Brief:
All the lines below need to be output exactly, apart from any images.
»»
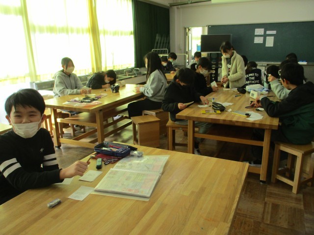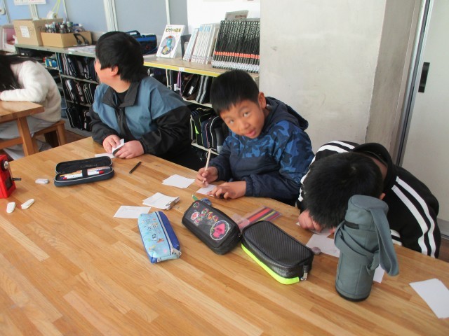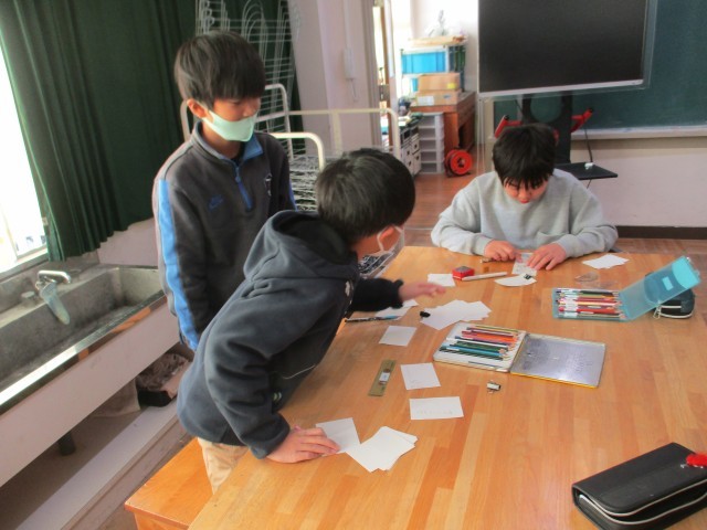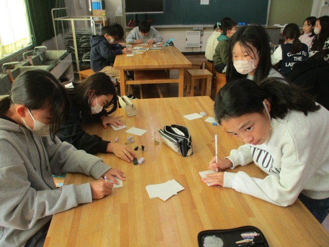 5年1組が図工室で、動きのある絵「ぱらぱらまんが」を作っていました。小さい紙それぞれにどんな絵を描いていったら動きのあるものになるのか閑雅ながら楽しんで取り組んでいました。
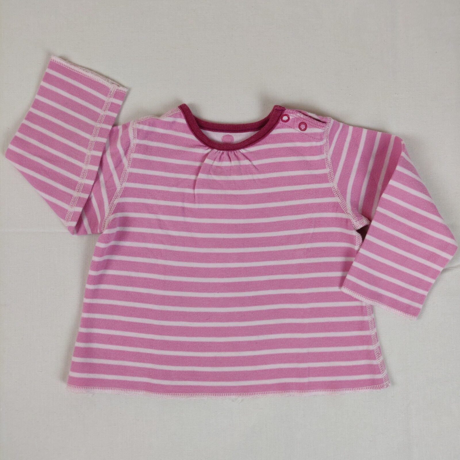 Autres commentaires : T-shirt manches longues – rose à fines rayures horizontales blanches. Col rond prune. Ouverture latérale à 2 boutons pression. Coutures apparentes blanches. Très léger effet pelucheux.
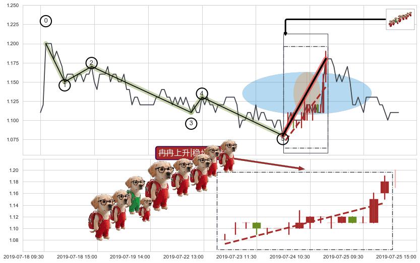 从2019-07-18 09:30至2019-07-31 15:00,共包含60个小时,阶段股价上涨2.17%,阶段股价变动位移路程比: 1 : 20
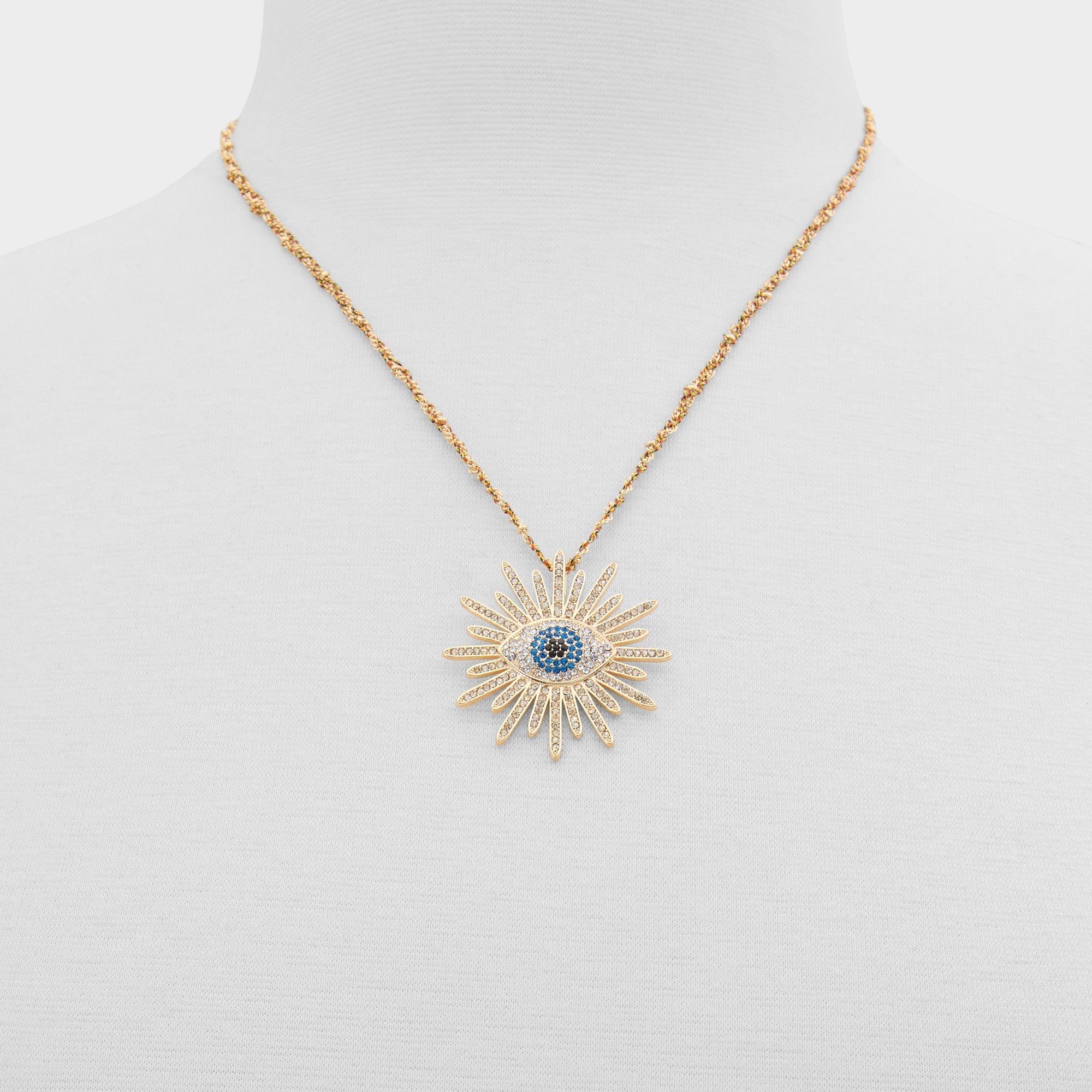 Radiant daisy petals shimmer in pave around a vivid sky-blue center, suspended from a textured gold chain that can shorten or drop to turn a simple necklace into instant sunshine. Layer it over a ribbed tank and jeans for coffee runs or frame a slipdress at rooftop parties to catch every sunset sparkle.
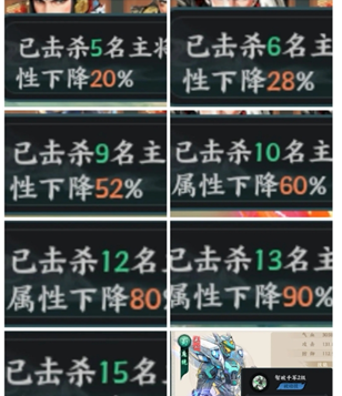 击杀14-17个敌将,每击杀一个敌将掉自身属性2%。
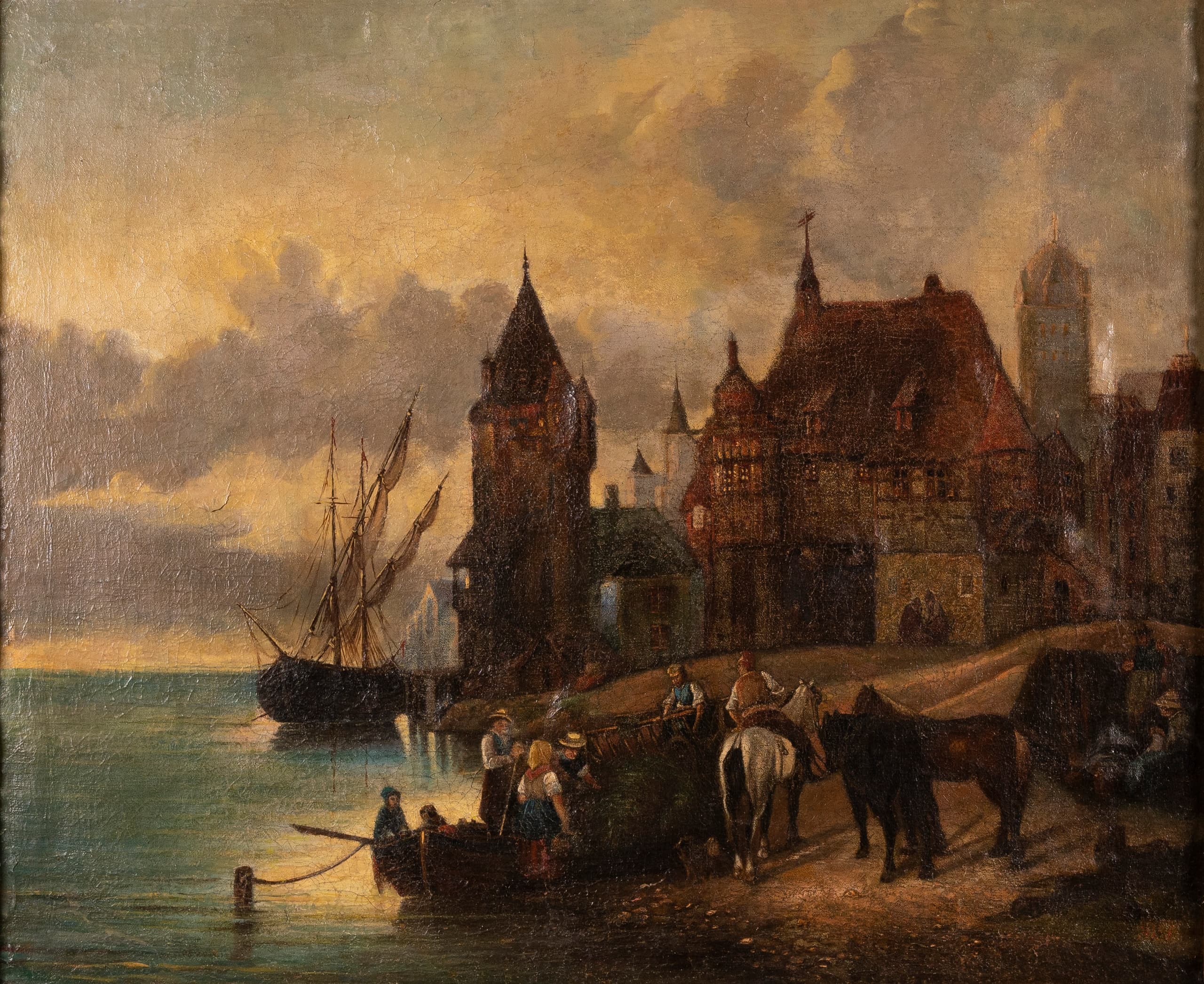 FLEMISH SCHOOL, 19TH CENTURY ATTRIBUTED TO WILHELM ALEXANDER MEYERHEIM (1815-1882) Waterfront Village Scene
««
Answer to this exercise:
 5年1組が図工室で、動きのある絵「ぱらぱらまんが」を作っていました。小さい紙それぞれにどんな絵を描いていったら動きのあるものになるのか閑雅ながら楽しんで取り組んでいました。
 Autres commentaires : T-shirt manches longues – rose à fines rayures horizontales blanches. Col rond prune. Ouverture latérale à 2 boutons pression. Coutures apparentes blanches. Très léger effet pelucheux.
 从2019-07-18 09:30至2019-07-31 15:00,共包含60个小时,阶段股价上涨2.17%,阶段股价变动位移路程比: 1 : 20
 Radiant daisy petals shimmer in pave around a vivid sky-blue center, suspended from a textured gold chain that can shorten or drop to turn a simple necklace into instant sunshine. Layer it over a ribbed tank and jeans for coffee runs or frame a slipdress at rooftop parties to catch every sunset sparkle.
 击杀14-17个敌将,每击杀一个敌将掉自身属性2%。
 FLEMISH SCHOOL, 19TH CENTURY ATTRIBUTED TO WILHELM ALEXANDER MEYERHEIM (1815-1882) Waterfront Village Scene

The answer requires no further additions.